## Aim of the exercise
Repeat the data verbatim, images excluded.

## Material provided
---

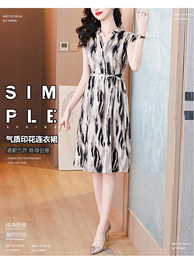Verão Novo Vestido Gola Petite Temperamento de Mãe Redutor de Idade Saia Midi
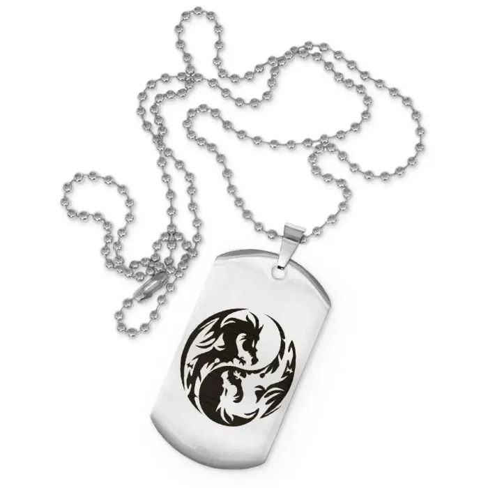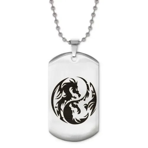 Жетон на цепочке с символикой драконов Инь-Ян. Изготовлен из нержавеющей стали с лазерной гравировкой.
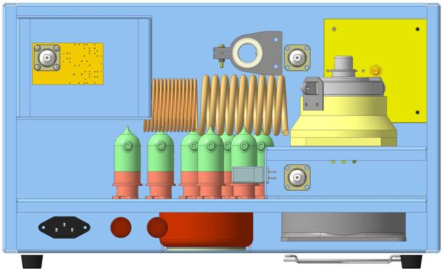 1.1хГУ-74Б - "классика" - возбуждение в первую сетку. Эксплуатировался тот усилитель у меня на коллективке UZ2FWQ и "насиловался" нещадно. Благо, мичманы в те годы могли за "всеобщий эквивалент" отсыпать пол мешка 74-тых, которые просто отстояли свои часы в технике. Анодное было под 3кВ, ток более 1А - Рвых однозначно более 1кВт. Измерять выходную мощность не было особенной заботы - сейчас уже и не вспомню точные цифры (почти 30 лет прошло!) - но ламповые вольтметры и эквивалент нагрузки на коллективке были. О ГУ-74Б после того усилителя у меня сложилось ооочень положительное мнение - особенно когда метка зеленого цвета на боку лампы вначале чернела, потом вообще испарялась, далее анод приобретал разноцветные сине-зелено-коричнево-желтые цвета "побежалости", но лампа всё равно работала. Фото того усилителя не сохранилось.
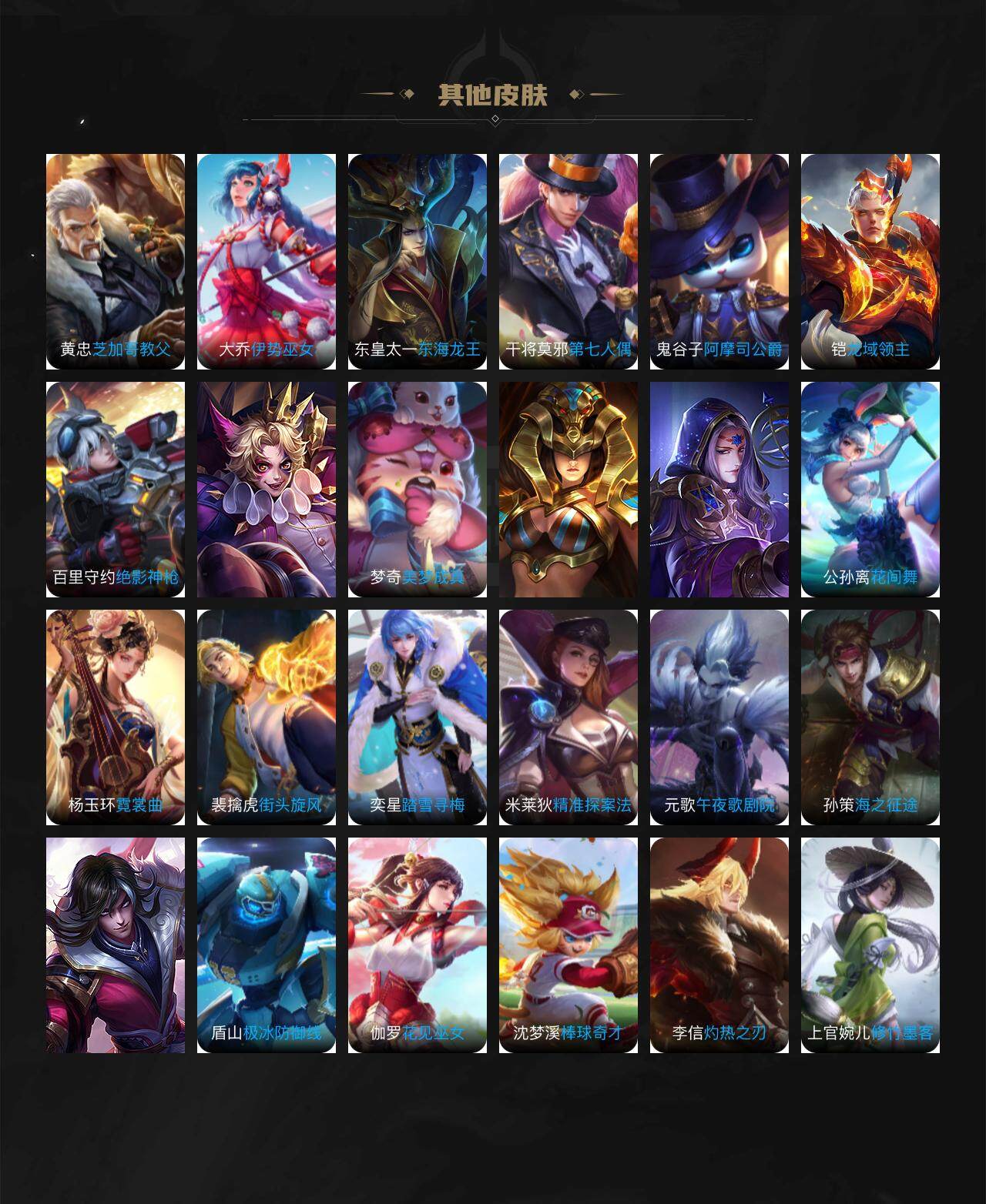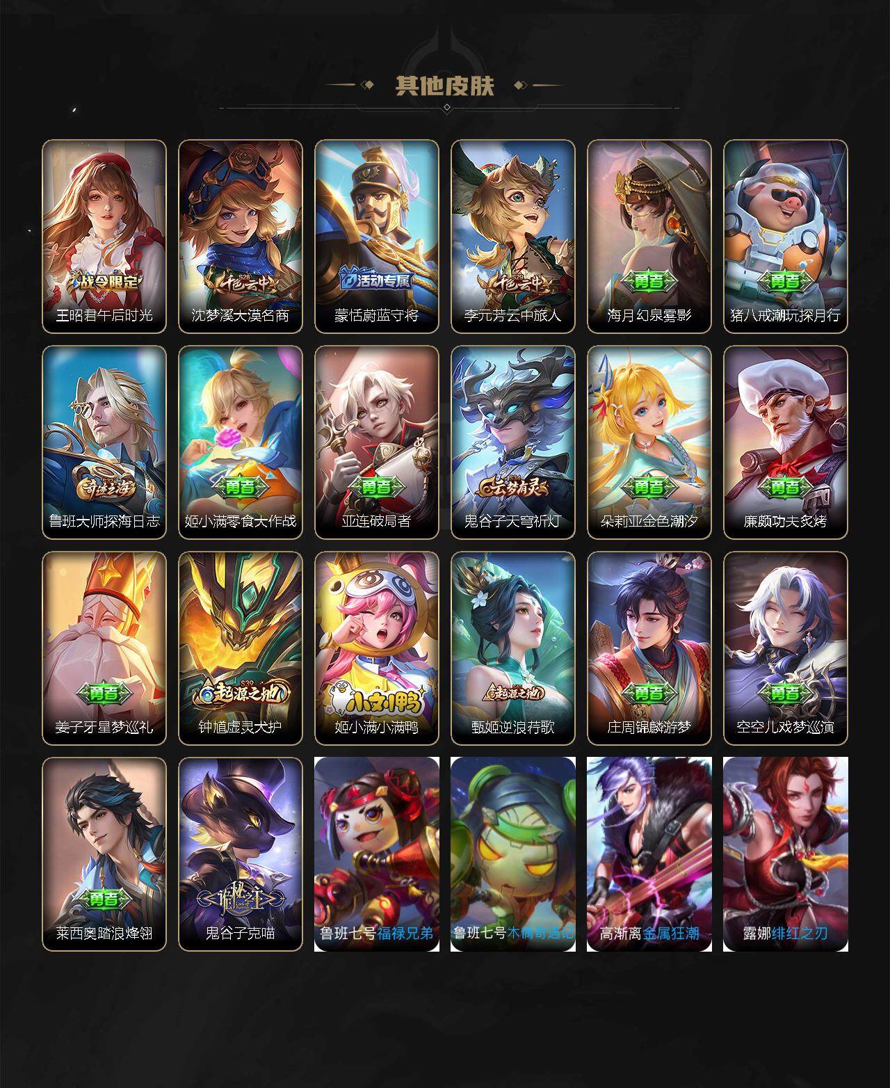 瑶遇见神鹿,娜可露露晚萤,伽罗箭羽风息,李元芳逐浪之夏,不知火舞魅语,大乔猫狗日记,孙策猫狗日记,露娜紫霞仙子,王昭君偶像歌手,韩信白龙吟,项羽苍穹之光,孙尚香时之恋人,阿轲暗夜猫娘,雅典娜冰冠公主,鲁班七号电玩小子,橘右京修罗,墨子龙骑士,嬴政摇滚巨星,刘禅绅士熊喵,刘禅天才门将,白起星夜王子,安琪拉心灵骇客,安琪拉时之奇旅,刘邦德古拉伯爵,兰陵王暗隐猎兽者,曹操幽灵船长,宫本武藏鬼剑武藏,司马懿暗渊魔法,亚瑟心灵战警,蔡文姬舞动绿茵,廉颇地狱岩魂,小乔缤纷独角兽,花木兰水晶猎龙者,百里玄策热力回旋,墨子金属风暴,百里玄策原初追逐者,吕布圣诞狂欢,貂蝉圣诞恋歌,百里守约特工魅影,嫦娥拒霜思,雅典娜黎明之约,李白千年之狐,夏洛特永昼,澜赏金猎手,艾琳奇遇舞章,貂蝉唤灵魅影,桑启奇遇星旅

---

## Output of the exercise
Verão Novo Vestido Gola Petite Temperamento de Mãe Redutor de Idade Saia Midi
 Жетон на цепочке с символикой драконов Инь-Ян. Изготовлен из нержавеющей стали с лазерной гравировкой.
 1.1хГУ-74Б - "классика" - возбуждение в первую сетку. Эксплуатировался тот усилитель у меня на коллективке UZ2FWQ и "насиловался" нещадно. Благо, мичманы в те годы могли за "всеобщий эквивалент" отсыпать пол мешка 74-тых, которые просто отстояли свои часы в технике. Анодное было под 3кВ, ток более 1А - Рвых однозначно более 1кВт. Измерять выходную мощность не было особенной заботы - сейчас уже и не вспомню точные цифры (почти 30 лет прошло!) - но ламповые вольтметры и эквивалент нагрузки на коллективке были. О ГУ-74Б после того усилителя у меня сложилось ооочень положительное мнение - особенно когда метка зеленого цвета на боку лампы вначале чернела, потом вообще испарялась, далее анод приобретал разноцветные сине-зелено-коричнево-желтые цвета "побежалости", но лампа всё равно работала. Фото того усилителя не сохранилось.
 瑶遇见神鹿,娜可露露晚萤,伽罗箭羽风息,李元芳逐浪之夏,不知火舞魅语,大乔猫狗日记,孙策猫狗日记,露娜紫霞仙子,王昭君偶像歌手,韩信白龙吟,项羽苍穹之光,孙尚香时之恋人,阿轲暗夜猫娘,雅典娜冰冠公主,鲁班七号电玩小子,橘右京修罗,墨子龙骑士,嬴政摇滚巨星,刘禅绅士熊喵,刘禅天才门将,白起星夜王子,安琪拉心灵骇客,安琪拉时之奇旅,刘邦德古拉伯爵,兰陵王暗隐猎兽者,曹操幽灵船长,宫本武藏鬼剑武藏,司马懿暗渊魔法,亚瑟心灵战警,蔡文姬舞动绿茵,廉颇地狱岩魂,小乔缤纷独角兽,花木兰水晶猎龙者,百里玄策热力回旋,墨子金属风暴,百里玄策原初追逐者,吕布圣诞狂欢,貂蝉圣诞恋歌,百里守约特工魅影,嫦娥拒霜思,雅典娜黎明之约,李白千年之狐,夏洛特永昼,澜赏金猎手,艾琳奇遇舞章,貂蝉唤灵魅影,桑启奇遇星旅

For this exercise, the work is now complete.